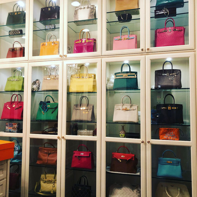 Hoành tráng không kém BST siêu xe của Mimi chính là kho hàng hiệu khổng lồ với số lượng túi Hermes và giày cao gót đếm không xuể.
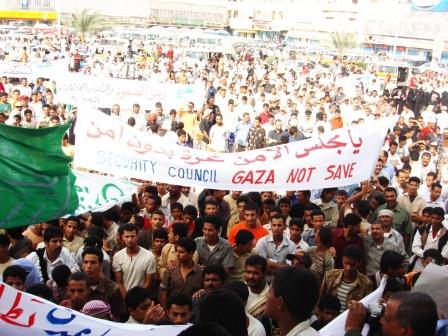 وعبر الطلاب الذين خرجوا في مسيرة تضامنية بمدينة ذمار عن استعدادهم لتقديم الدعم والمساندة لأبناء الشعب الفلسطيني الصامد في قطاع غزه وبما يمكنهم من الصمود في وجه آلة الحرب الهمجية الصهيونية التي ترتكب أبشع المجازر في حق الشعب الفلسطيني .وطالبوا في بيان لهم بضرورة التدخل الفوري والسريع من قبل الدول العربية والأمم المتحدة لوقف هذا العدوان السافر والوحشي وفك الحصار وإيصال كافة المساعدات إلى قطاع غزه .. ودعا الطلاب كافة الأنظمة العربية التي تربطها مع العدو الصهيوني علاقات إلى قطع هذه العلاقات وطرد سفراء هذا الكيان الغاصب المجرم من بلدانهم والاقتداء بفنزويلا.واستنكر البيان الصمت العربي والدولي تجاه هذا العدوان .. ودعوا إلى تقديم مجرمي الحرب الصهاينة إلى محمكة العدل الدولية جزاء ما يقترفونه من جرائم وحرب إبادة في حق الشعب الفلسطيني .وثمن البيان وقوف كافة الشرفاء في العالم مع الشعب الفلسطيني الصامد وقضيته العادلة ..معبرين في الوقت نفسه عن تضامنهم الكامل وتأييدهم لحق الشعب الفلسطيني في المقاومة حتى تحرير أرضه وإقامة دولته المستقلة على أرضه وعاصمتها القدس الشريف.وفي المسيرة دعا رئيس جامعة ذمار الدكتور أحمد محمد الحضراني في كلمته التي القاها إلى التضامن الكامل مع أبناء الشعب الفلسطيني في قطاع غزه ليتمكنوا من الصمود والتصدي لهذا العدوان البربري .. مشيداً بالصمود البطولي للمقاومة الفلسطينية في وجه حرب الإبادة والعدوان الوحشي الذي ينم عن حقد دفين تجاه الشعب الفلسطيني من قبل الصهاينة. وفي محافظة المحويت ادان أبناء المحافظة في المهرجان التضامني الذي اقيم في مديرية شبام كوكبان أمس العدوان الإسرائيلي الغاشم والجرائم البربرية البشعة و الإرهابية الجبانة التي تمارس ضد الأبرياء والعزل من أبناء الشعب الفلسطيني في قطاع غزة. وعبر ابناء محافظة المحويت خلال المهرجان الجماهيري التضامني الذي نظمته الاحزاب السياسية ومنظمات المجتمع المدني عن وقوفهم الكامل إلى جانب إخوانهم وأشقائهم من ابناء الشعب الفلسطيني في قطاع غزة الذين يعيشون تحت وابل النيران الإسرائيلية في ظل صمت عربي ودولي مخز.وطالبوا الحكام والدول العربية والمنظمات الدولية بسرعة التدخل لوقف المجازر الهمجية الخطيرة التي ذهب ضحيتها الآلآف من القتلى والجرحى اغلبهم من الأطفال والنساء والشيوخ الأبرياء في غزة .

--

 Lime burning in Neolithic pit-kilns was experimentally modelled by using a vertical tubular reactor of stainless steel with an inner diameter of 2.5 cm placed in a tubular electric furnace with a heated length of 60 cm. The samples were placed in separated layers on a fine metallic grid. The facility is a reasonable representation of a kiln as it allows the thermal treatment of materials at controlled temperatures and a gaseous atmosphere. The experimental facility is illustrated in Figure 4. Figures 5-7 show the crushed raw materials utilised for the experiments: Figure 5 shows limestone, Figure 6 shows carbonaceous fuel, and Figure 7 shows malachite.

• _Exercise aim_: Look back at the data above, then output exactly the lines from the line holding "Hoành tráng không" up to and including the line holding "وعبر الطلاب الذين". Leave out the pictures.

• _Output of the task_:
 Hoành tráng không kém BST siêu xe của Mimi chính là kho hàng hiệu khổng lồ với số lượng túi Hermes và giày cao gót đếm không xuể.
 وعبر الطلاب الذين خرجوا في مسيرة تضامنية بمدينة ذمار عن استعدادهم لتقديم الدعم والمساندة لأبناء الشعب الفلسطيني الصامد في قطاع غزه وبما يمكنهم من الصمود في وجه آلة الحرب الهمجية الصهيونية التي ترتكب أبشع المجازر في حق الشعب الفلسطيني .وطالبوا في بيان لهم بضرورة التدخل الفوري والسريع من قبل الدول العربية والأمم المتحدة لوقف هذا العدوان السافر والوحشي وفك الحصار وإيصال كافة المساعدات إلى قطاع غزه .. ودعا الطلاب كافة الأنظمة العربية التي تربطها مع العدو الصهيوني علاقات إلى قطع هذه العلاقات وطرد سفراء هذا الكيان الغاصب المجرم من بلدانهم والاقتداء بفنزويلا.واستنكر البيان الصمت العربي والدولي تجاه هذا العدوان .. ودعوا إلى تقديم مجرمي الحرب الصهاينة إلى محمكة العدل الدولية جزاء ما يقترفونه من جرائم وحرب إبادة في حق الشعب الفلسطيني .وثمن البيان وقوف كافة الشرفاء في العالم مع الشعب الفلسطيني الصامد وقضيته العادلة ..معبرين في الوقت نفسه عن تضامنهم الكامل وتأييدهم لحق الشعب الفلسطيني في المقاومة حتى تحرير أرضه وإقامة دولته المستقلة على أرضه وعاصمتها القدس الشريف.وفي المسيرة دعا رئيس جامعة ذمار الدكتور أحمد محمد الحضراني في كلمته التي القاها إلى التضامن الكامل مع أبناء الشعب الفلسطيني في قطاع غزه ليتمكنوا من الصمود والتصدي لهذا العدوان البربري .. مشيداً بالصمود البطولي للمقاومة الفلسطينية في وجه حرب الإبادة والعدوان الوحشي الذي ينم عن حقد دفين تجاه الشعب الفلسطيني من قبل الصهاينة. وفي محافظة المحويت ادان أبناء المحافظة في المهرجان التضامني الذي اقيم في مديرية شبام كوكبان أمس العدوان الإسرائيلي الغاشم والجرائم البربرية البشعة و الإرهابية الجبانة التي تمارس ضد الأبرياء والعزل من أبناء الشعب الفلسطيني في قطاع غزة. وعبر ابناء محافظة المحويت خلال المهرجان الجماهيري التضامني الذي نظمته الاحزاب السياسية ومنظمات المجتمع المدني عن وقوفهم الكامل إلى جانب إخوانهم وأشقائهم من ابناء الشعب الفلسطيني في قطاع غزة الذين يعيشون تحت وابل النيران الإسرائيلية في ظل صمت عربي ودولي مخز.وطالبوا الحكام والدول العربية والمنظمات الدولية بسرعة التدخل لوقف المجازر الهمجية الخطيرة التي ذهب ضحيتها الآلآف من القتلى والجرحى اغلبهم من الأطفال والنساء والشيوخ الأبرياء في غزة .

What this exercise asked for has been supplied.